An estuary is a coastal ecosystem, typically consisting of a body of brackish water that is supplied by inflows of fresh water from rivers and streams that mix with the ocean's salty water. Estuaries provide a natural habitat between ocean waters and fresh waters. The convergence of both ocean salty water and river water supplies high levels of nutrients into this ecosystem, turning estuaries into one of the most fertile ecosystems in the world; however, the estuary ecosystem is in danger due to natural and anthropogenic stresses.
Estuaries allow the development of a wide variety of plants and animals due to the rich nutrient soil that abounds throughout the whole ecosystem. The estuary ecosystem supports complex food webs, where plants serve as primary foods for many animals, which in turn are the prey of bigger animals. In addition to providing dynamic food webs for birds, fish, reptiles and other animals, estuaries also provide the habitat for a great number of commercial fish and marine mammals. Estuaries consist of a number of animal and plant habitats that include rocky shores, coral reefs, mud flats, barrier beaches, submerged aquatic plants, mangrove forests and salt marshes, among others.
Apart from supporting a wide range of animals and plants, estuaries are natural filters, maintaining entire communities around them free of pollution. The vegetation and marsh grass in estuaries help filter pollutants and sediments often emptied into rivers and streams in upland regions. During heavy storms, the vegetation in estuaries prevents the flooding of inland areas. Plants also help prevent erosion along the coastline. Estuaries absorb water stemming from high tide events or during storm surges, preventing it from reaching upland areas.
Animals in estuaries
Because of the abundance of food, the biodiversity in estuaries is very rich. Common animals include: shore and sea birds, fish, including salmon and trout, flounder, eels, stripped bass, mud snails, oysters, seahorses, turtles, crabs, lobsters, clams and other shellfish, marine worms, raccoons, opossums, skunks, lots of reptiles and migratory birds, such as the Canada goose and black-tailed god-wit. Some birds develop long legs and toes that permit them to walk over the mud with ease. All of these animal form dynamic food webs in the estuary ecosystem.
Plants in estuaries
Bottom-dwelling algae, marsh plants and eel grass are at the base of the food web in estuaries. When these types of plants die, they serve as food for other organisms, such as protozoa, which in turn are eaten by small invertebrates. Seagrass is a type of plant capable of living submerged in sea water. Mangrove forests grow in shrublands and can withstand floods from sea water, but their roots need to absorb oxygen. Sea rush is a type of plant that is abundant in marshes and which forms dense shrublands. Another plant common to marshes is the ribbonwood shrub.

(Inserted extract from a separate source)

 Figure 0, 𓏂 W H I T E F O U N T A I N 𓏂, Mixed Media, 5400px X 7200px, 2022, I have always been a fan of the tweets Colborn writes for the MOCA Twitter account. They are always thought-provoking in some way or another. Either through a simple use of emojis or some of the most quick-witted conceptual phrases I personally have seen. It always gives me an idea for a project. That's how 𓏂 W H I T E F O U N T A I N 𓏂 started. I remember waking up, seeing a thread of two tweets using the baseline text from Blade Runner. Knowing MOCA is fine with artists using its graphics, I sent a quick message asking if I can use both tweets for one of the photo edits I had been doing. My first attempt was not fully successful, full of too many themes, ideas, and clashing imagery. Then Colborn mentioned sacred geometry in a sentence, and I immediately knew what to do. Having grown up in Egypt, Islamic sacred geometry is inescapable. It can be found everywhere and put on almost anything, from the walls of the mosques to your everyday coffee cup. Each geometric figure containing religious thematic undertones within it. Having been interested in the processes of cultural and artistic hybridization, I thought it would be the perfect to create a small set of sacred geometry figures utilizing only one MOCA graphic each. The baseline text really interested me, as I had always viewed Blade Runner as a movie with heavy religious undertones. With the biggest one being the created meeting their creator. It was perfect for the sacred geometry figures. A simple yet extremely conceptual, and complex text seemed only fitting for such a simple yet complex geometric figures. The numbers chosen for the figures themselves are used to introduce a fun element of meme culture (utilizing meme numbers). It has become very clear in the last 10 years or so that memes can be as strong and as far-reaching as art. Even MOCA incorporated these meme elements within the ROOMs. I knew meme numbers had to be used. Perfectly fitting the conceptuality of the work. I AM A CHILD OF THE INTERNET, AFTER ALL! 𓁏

Anthropogenic damage to the estuary ecosystem includes coastal development, pollution, sewage, overfishing and the introduction of non-native species into the habitat. Estuaries are often the dumps of materials from industrial, agricultural and domestic waste. Contaminant waste products can remain in the estuary for long periods of time due to slow degradation, causing damage to the fauna and flora in the ecosystem. When an estuary is affected by man-made disturbances, it usually takes long periods of time to recover, or never recovers at all. Overfishing has depleted some animal species, affecting food webs in estuaries.
Estuaries are subjected to natural disturbances, such as tidal currents, waves, winds and ice, due to their fragility. When natural habitats such as estuaries are disturbed by nature, they usually undergo long periods of recovery. Storm surges and hurricanes are known to have caused damage to the estuary ecosystem, changing its entire physical structure due to flooding and erosion. Such destructive events may take significant amounts of time to recover.
Estuaries are some of the most biologically productive ecosystems in the world. Animals and plants rely on estuaries for habitat, breeding and feeding. Human beings also rely on estuaries for recreation, food and jobs. It is estimated that more than fifty percent of the world's population lives on the coastline close to estuaries. According to oceanservice.noaa.gov, 32 of the world's largest cities are situated on or near estuaries. This has led to human activities that have placed estuaries under severe damage, making them among one of the most threatened ecosystems in the world.